Fair laughed as he leaned over the fence. Poptart bucked, twisted, and bucked some more.
They walked back to the house. The evening had begun to cool down. Tracy was calling on Big Mim. They sat in the kitchen together along with Murphy, Pewter, and Tucker.
"Sure you're okay?" He reached for her hand.
"Yes." She squeezed his offered hand. "It shocked the hell out of me. Both Mim and I about fell over."
"I would have about passed out myself."
"A dead body is bad enough but the"-she paused-"incongruity of it . . . that's what shocked me."
"It looks like this reunion might be, uh . . . eventful."
"Well, that's just it." She grew suddenly animated. "I don't remember anything from high school. I mean I don't remember some awful thing that would provoke revenge. Especially senior year, the big one."
"Yeah. I can't remember anything either. But maybe something did happen in your senior year. You know how sometimes things are vague or you're on the edges of it? Obviously, I was a freshman in college. All I remember from that year is missing you."
"I wrote you a letter a day. I can't believe I was that disciplined." She laughed.
"Maybe you loved me," he softly suggested.
"I did. Oh, Fair, those were wonderful and awful times. You feel everything for the first time. You have no perspective."
"You had some perspective by the time we married. I mean, you dated other men."
She patted his hand, removed hers, then noticed the animals, motionless, had been watching them. "Voyeurs."
"Interested parties." Murphy smiled.
"If this is going to get mushy I'm leaving," Pewter warned.
"Bull. You're as nosy as we are." Tucker giggled.
"I feel like we're the entertainment tonight." Fair spoke to the animals.

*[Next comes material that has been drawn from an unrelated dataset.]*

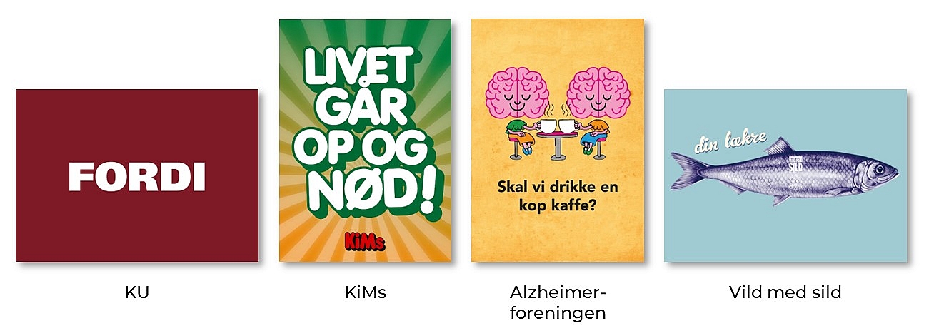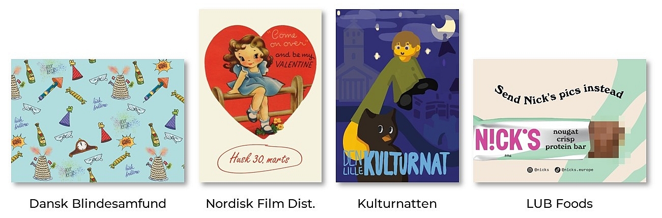 Her er nogle eksempler på kampagner fra i år (2023). Hver torsdag er der jo nye, spændende kort i stativerne til de mere end 475.000 brugere.
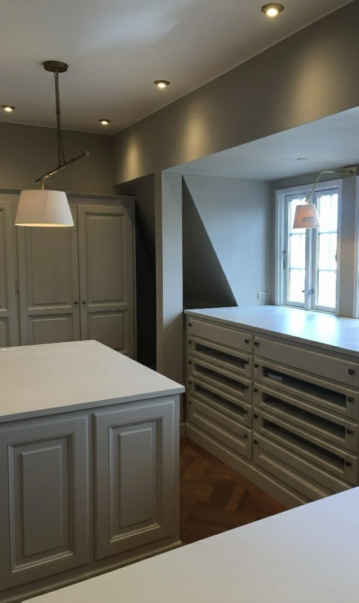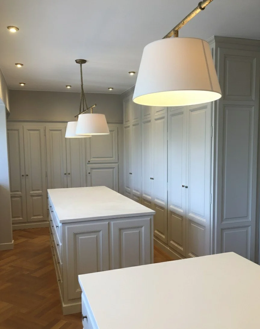 Et stort walk-in closet med smukke fyldninger skaber en elegant og rolig ramme om hverdagen. Løsningen er designet med generøs plads til både hende og ham, hvor funktionalitet og æstetik går hånd i hånd. De klassiske fyldningslåger tilfører varme, dybde og et tidløst udtryk, der løfter rummet fra opbevaring til oplevelse.

"You are," Pewter responded.
"They're my family," Harry said.
"So am I. Like it or not." Fair leaned forward in his chair.
"Can you remember how you felt back then? The wild rush of emotion? The sense of being your own person?"
"I remember. People grow in lots of different ways. Sometimes they stop. I think Charlie stopped. Never got beyond high school. Leo got beyond it but his defenses stayed the same: shoot from the hip. Susan has matured." He thought for a moment. "I think I have, too."
"Have I?"
"Yes, but you won't trust anyone again."
"I trust Mrs. H. I trust Susan."
"I should have said men. You won't trust men."